INPUT DATA:
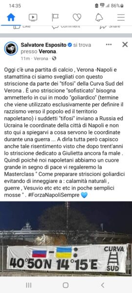 “Oggi c’è una partita di calcio, Verona -Napoli, e stamattina ci siamo svegliati con questo striscione da parte dei “tifosi” della Curva Sud del Verona . È uno striscione “sofisticato” bisogna ammetterlo in cui in modo “goliardico” (termine che viene utilizzato esclusivamente per definire il razzismo verso il popolo ed il territorio napoletano) i suddetti “tifosi” inviano a Russia ed Ucraina le coordinate della città di Napoli e non sto qui a spiegarvi a cosa servono le coordinate durante una guerra”.
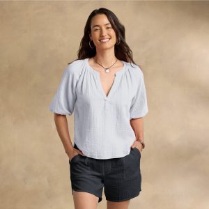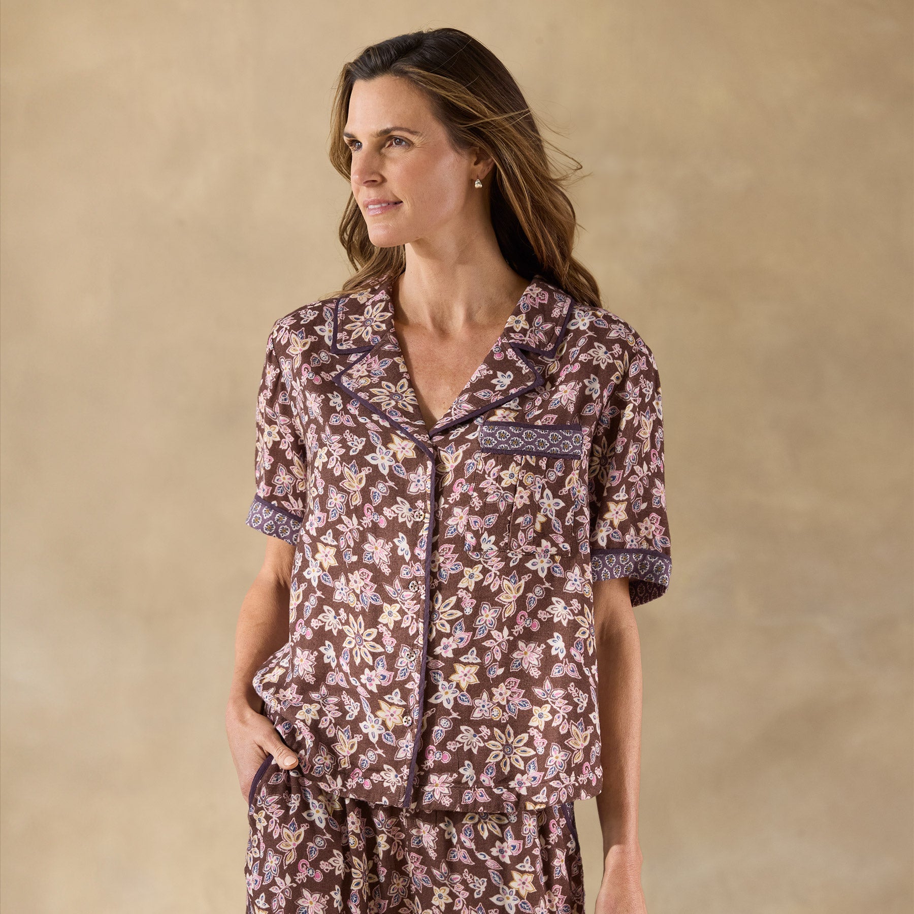 The coziest. mixed-print double cloth pajama top fashioned from yarn-dyed cotton. with covered laundry button front. lace and piping detail throughout and one pleated pocket. Machine wash. Imported. Exclusive. Sizes XS (0–2). S (4–6). M (8–10). L (12–14). XL (16–18). XXL (20–22). Approx. 25l. This item is running large. please size down a size.
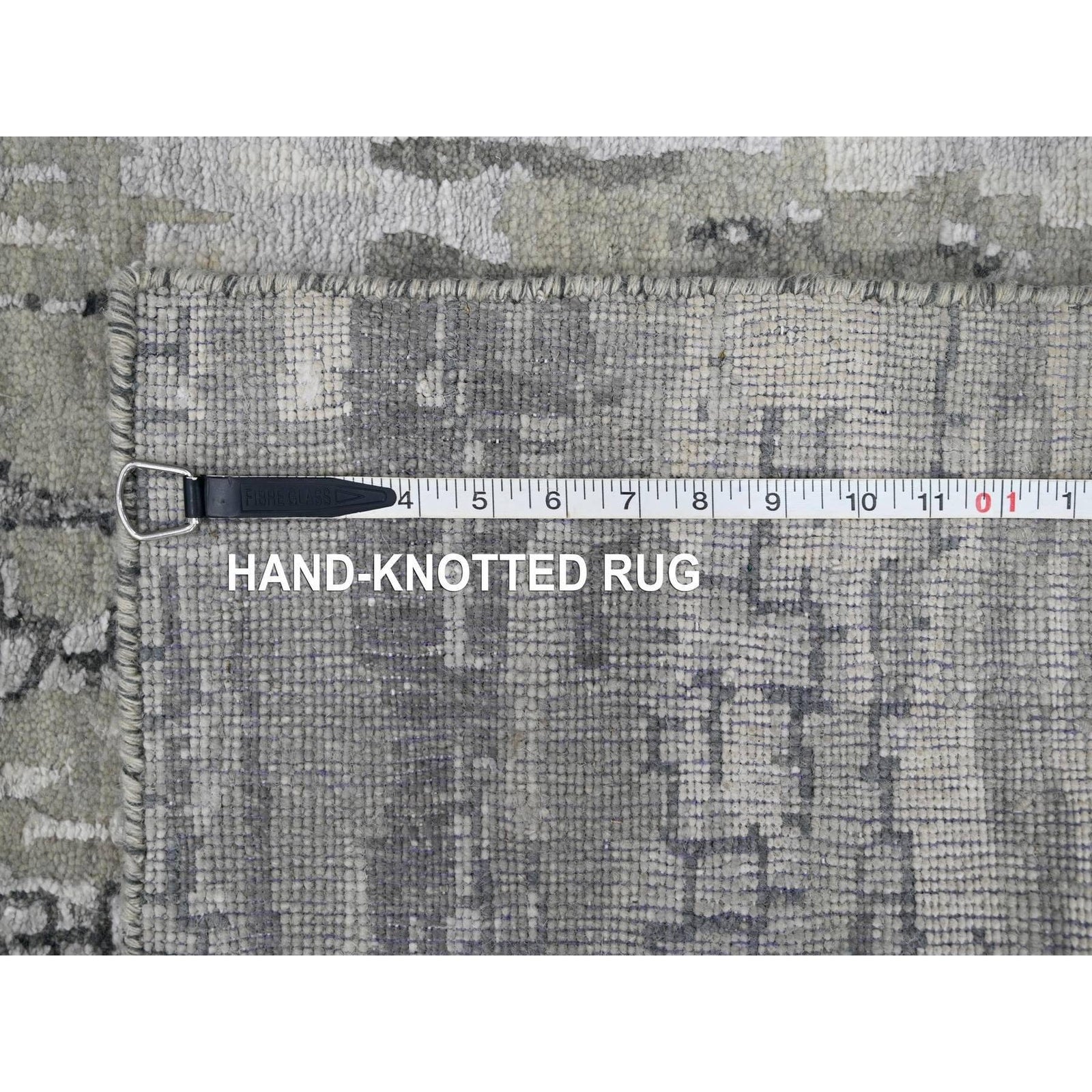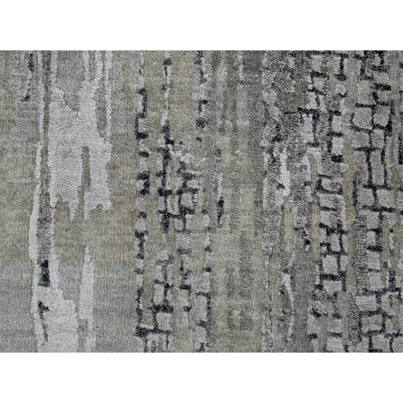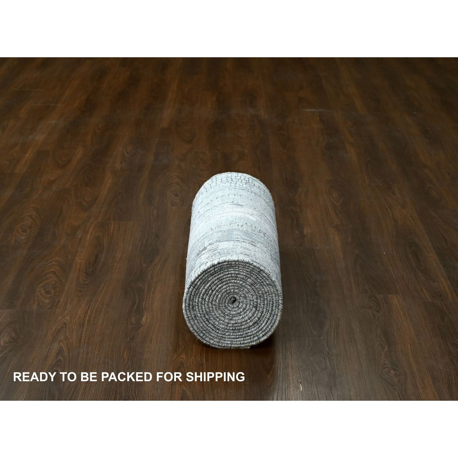 2'8"X25'7" Gray Abstract Design Wool And Silk Hand Knotted Xl Runner Rug

WHAT YOU HAVE TO DO: Repeat the lines above precisely and skip every picture.

ANSWER FOR THE TASK:
 “Oggi c’è una partita di calcio, Verona -Napoli, e stamattina ci siamo svegliati con questo striscione da parte dei “tifosi” della Curva Sud del Verona . È uno striscione “sofisticato” bisogna ammetterlo in cui in modo “goliardico” (termine che viene utilizzato esclusivamente per definire il razzismo verso il popolo ed il territorio napoletano) i suddetti “tifosi” inviano a Russia ed Ucraina le coordinate della città di Napoli e non sto qui a spiegarvi a cosa servono le coordinate durante una guerra”.
 The coziest. mixed-print double cloth pajama top fashioned from yarn-dyed cotton. with covered laundry button front. lace and piping detail throughout and one pleated pocket. Machine wash. Imported. Exclusive. Sizes XS (0–2). S (4–6). M (8–10). L (12–14). XL (16–18). XXL (20–22). Approx. 25l. This item is running large. please size down a size.
 2'8"X25'7" Gray Abstract Design Wool And Silk Hand Knotted Xl Runner Rug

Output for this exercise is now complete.